DATA TO EXAMINE:
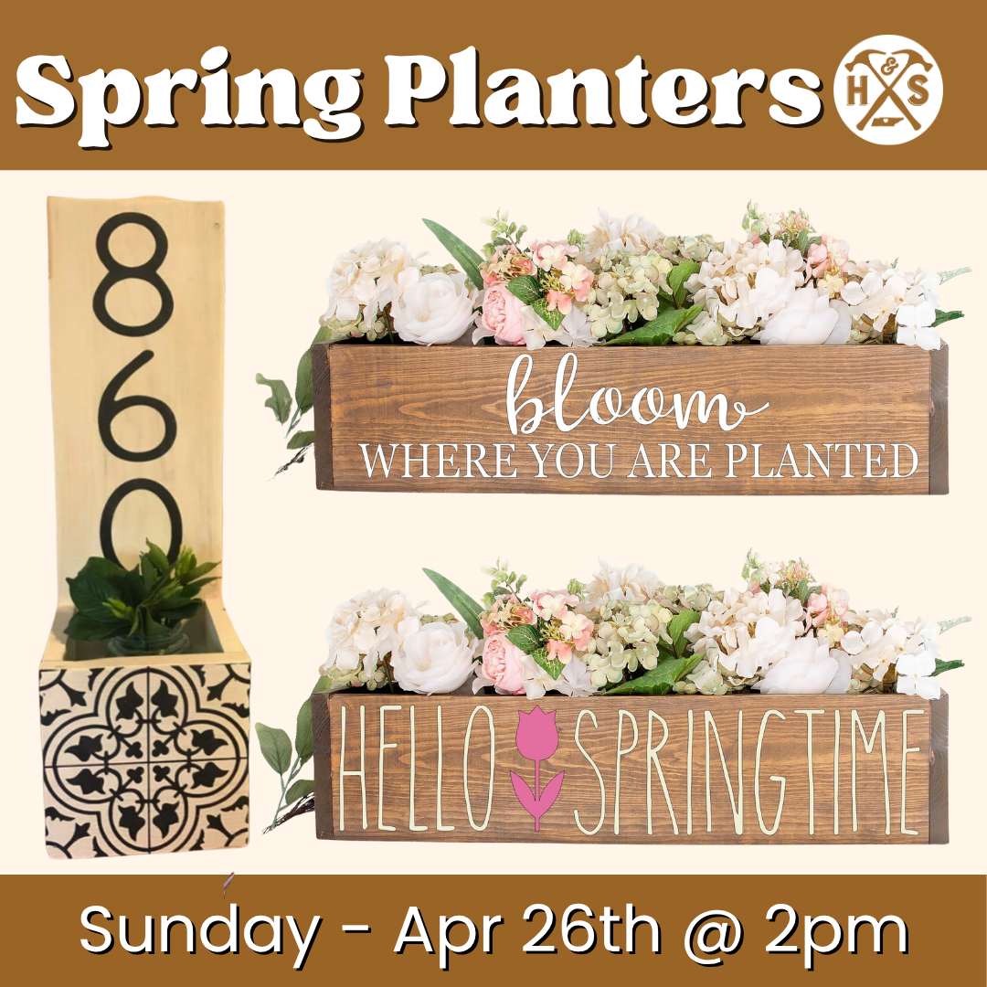 We have a variety of design options for you to choose from when you register below, and our team will guide you step‑by‑step as you stain, paint, and bring your planter to life during the workshop!
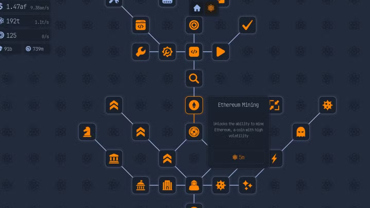 Choice is gated by progression. Litecoin is available as soon as you unlock GPUs. Bitcoin and Etherium arrive via the Research Tree. Tether is unlocked with Tokens and behaves differently.
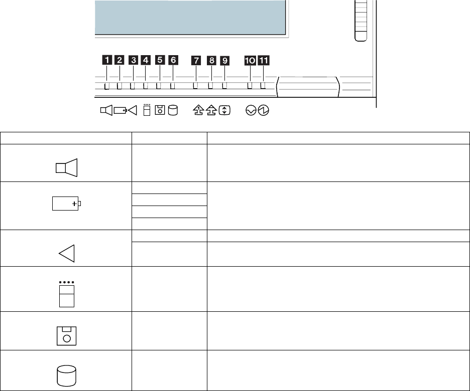 4 PC card active Orange Turns on when power is supplied to the PCMCIA slot. Refer to the
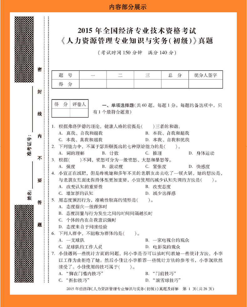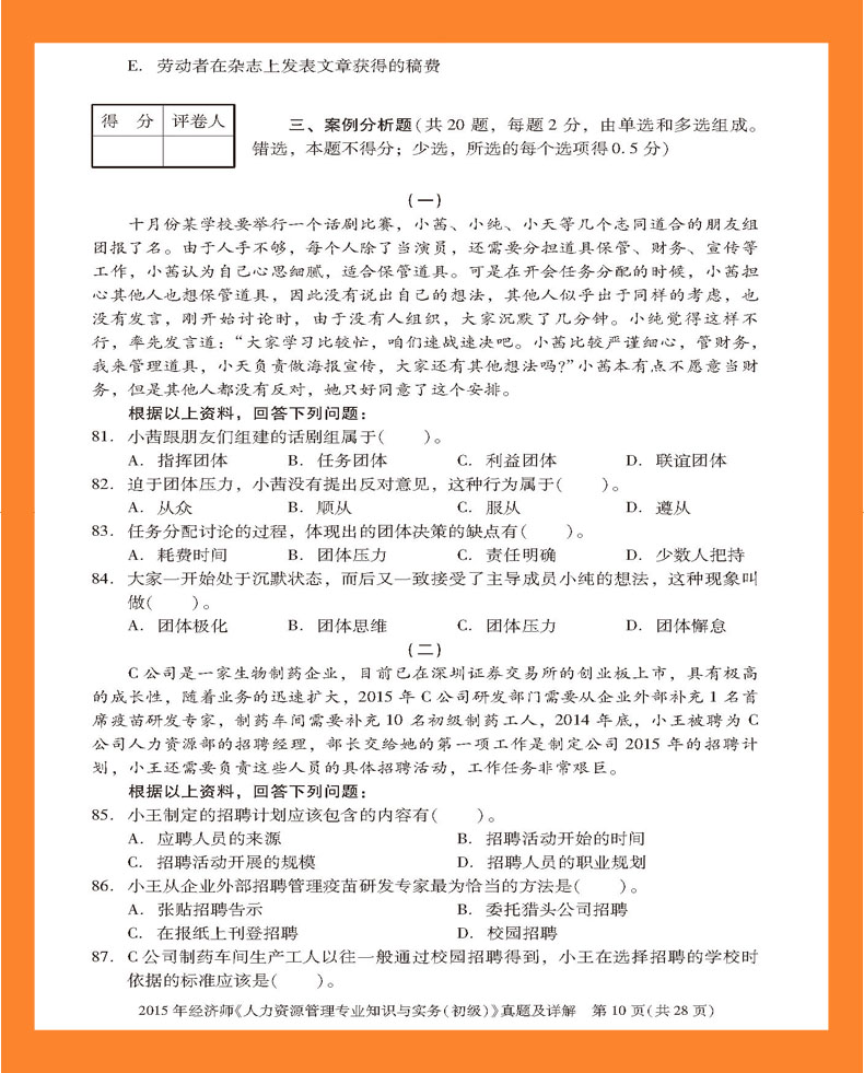 2015年经济师《人力资源管理专业知识与实务(初级)》真题及详解
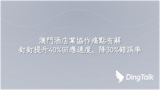 澳門酒店業協作痛點有解:釘釘提升40%回應速度、降30%錯誤率
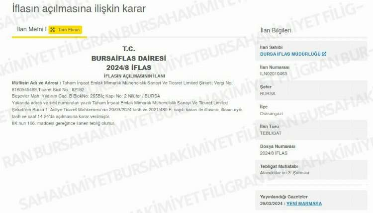 Bursa İflas Müdürlüğü, Taham İnşaat Emlak Mimarlık Mühendislik Sanayi Ve Ticaret Limited Şirketi'nin iflasının açılmasına ilişkin karar yayımladı.
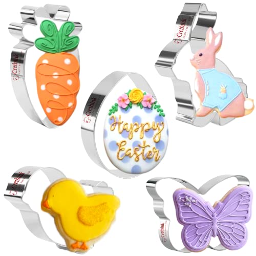 Crethink Formine per biscotti pasquali - Formine per biscotti pasquali, coniglietti, pulcini, carote, farfalle, formine per biscotti pasquali, 5 pezzi in acciaio inox per Pasqua e bambini.
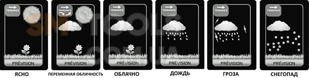 Символьный прогноз погоды . На дисплее отображаются пиктограммы (ясно, переменная облачность, облачно, дождь, гроза, снегопад)
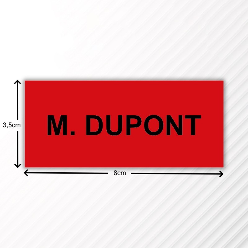 Cette plaque de 80 x 35 mm permet de graver un Nom, puis de se coller sur la surface d'une porte. Marquage industriel, signalétique sécurité, badge.
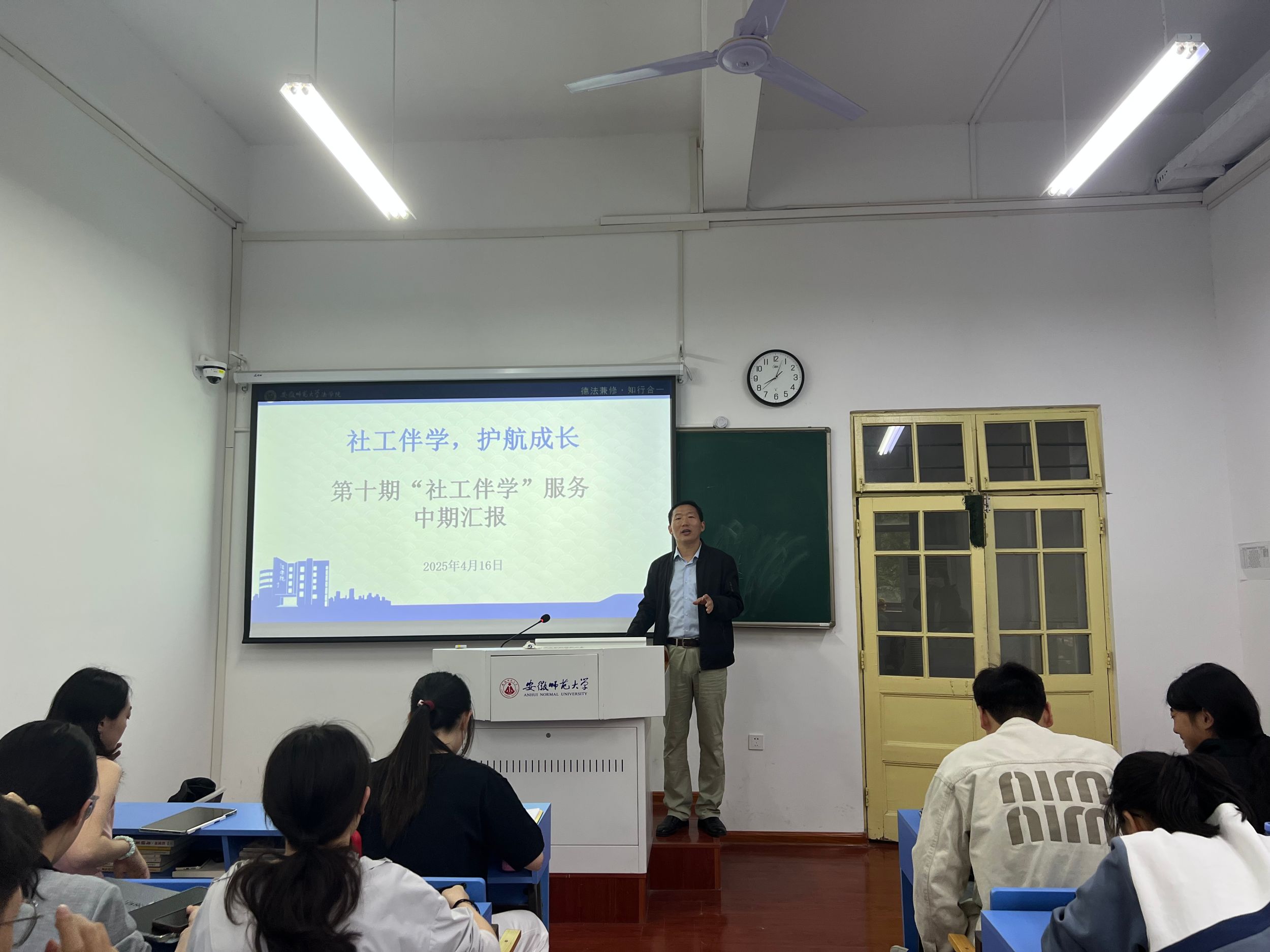 为进一步检验“社工伴学”护航服务的阶段性成果,推动服务质量的持续提升,2025年4月16日上午,社会工作专业在赭山校区教学楼1210教室召开了第十期“社工伴学”服务开展中期汇报会。22级社会工作专业班主任王杰、四名社会工作专业研究生督导助手以及全体参与服务的三年级员工参加会议。
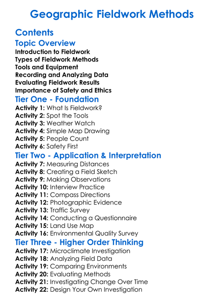 Geographic Fieldwork Methods Worksheet Activity Booklet
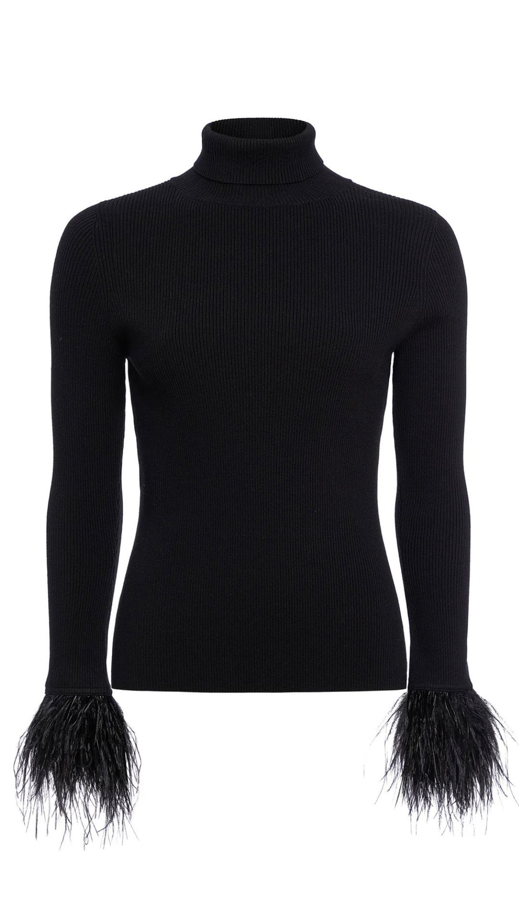 Meet Tucker, a classic turtleneck reimagined for the holidays with flirty feather-trimmed cuffs. The ribbed, form-fitting silhouette is the kind of layering piece holiday capsule wardrobes are built around.
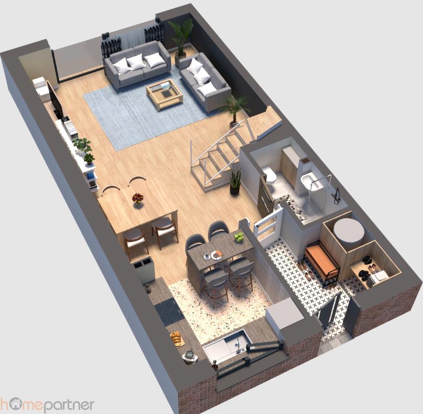 Parter: dobrze doświetlony salon z aneksem kuchennym oraz jadalnią, łazienka z prysznicem, wiatrołap z miejscem do przechowywania, miejsce pod zabudowę szaf
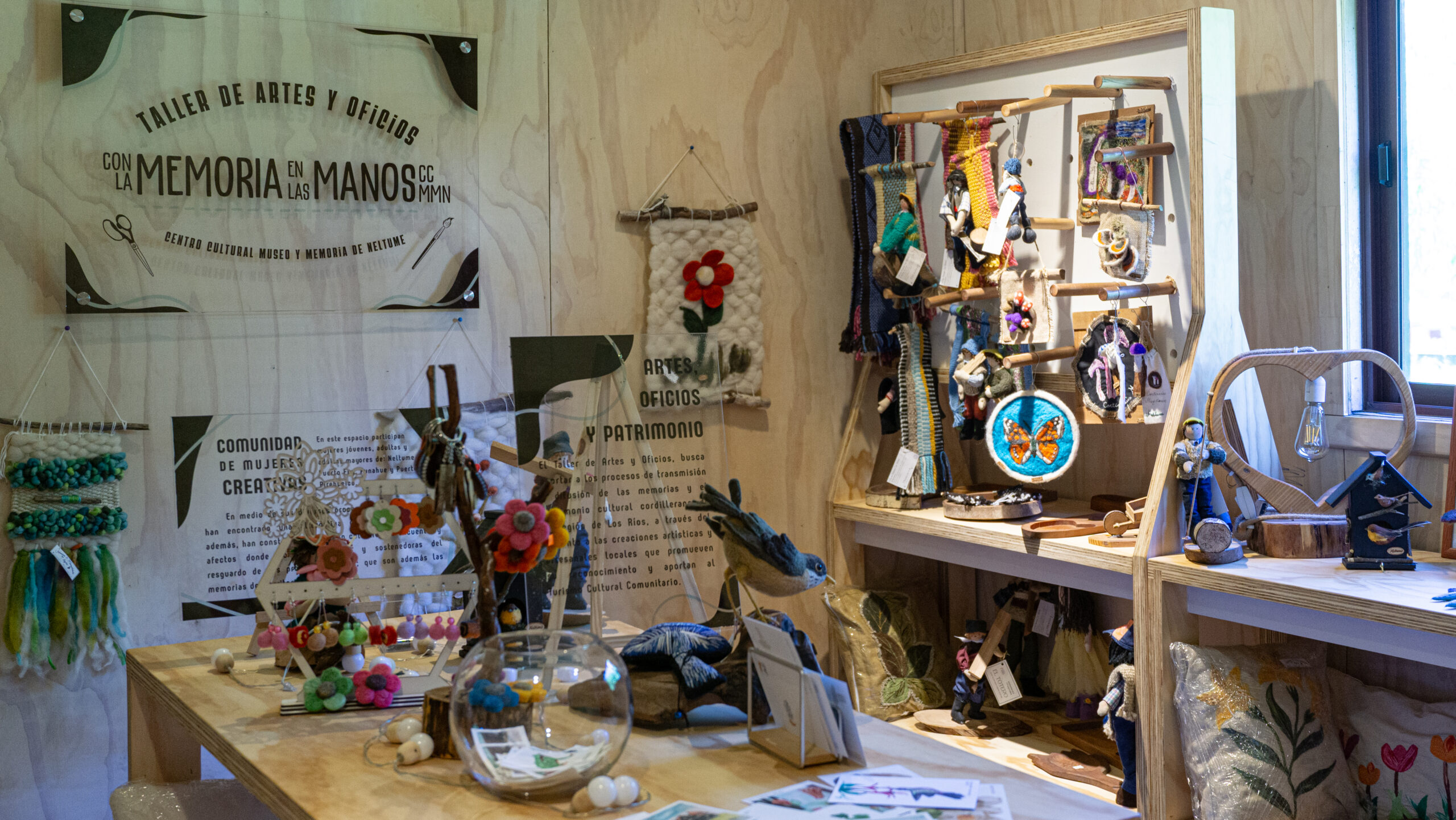 “Con la memoria en las manos” es un proyecto del Centro Cultural Museo y Memoria de Neltume (CCMMN), cuyo objetivo ha sido contribuir al fomento de la producción de artesanías locales hechas por mujeres de sectores rurales de la comuna de Panguipulli, a través de acciones de capacitación, promoción y comercialización de productos con identidad. La iniciativa incluyó el desarrollo de talleres intensivos y la implementación de un espacio permanente de exhibición y venta.

TASK OBJECTIVE: Copy word for word every line from the start of the material through the line holding "澳門酒店業協作痛點有解:釘釘提升40%回應速度、降30%錯誤率". The pictures are not part of the copy.

ANSWER TO THE PROBLEM:
 We have a variety of design options for you to choose from when you register below, and our team will guide you step‑by‑step as you stain, paint, and bring your planter to life during the workshop!
 Choice is gated by progression. Litecoin is available as soon as you unlock GPUs. Bitcoin and Etherium arrive via the Research Tree. Tether is unlocked with Tokens and behaves differently.
 4 PC card active Orange Turns on when power is supplied to the PCMCIA slot. Refer to the
 2015年经济师《人力资源管理专业知识与实务(初级)》真题及详解
 澳門酒店業協作痛點有解:釘釘提升40%回應速度、降30%錯誤率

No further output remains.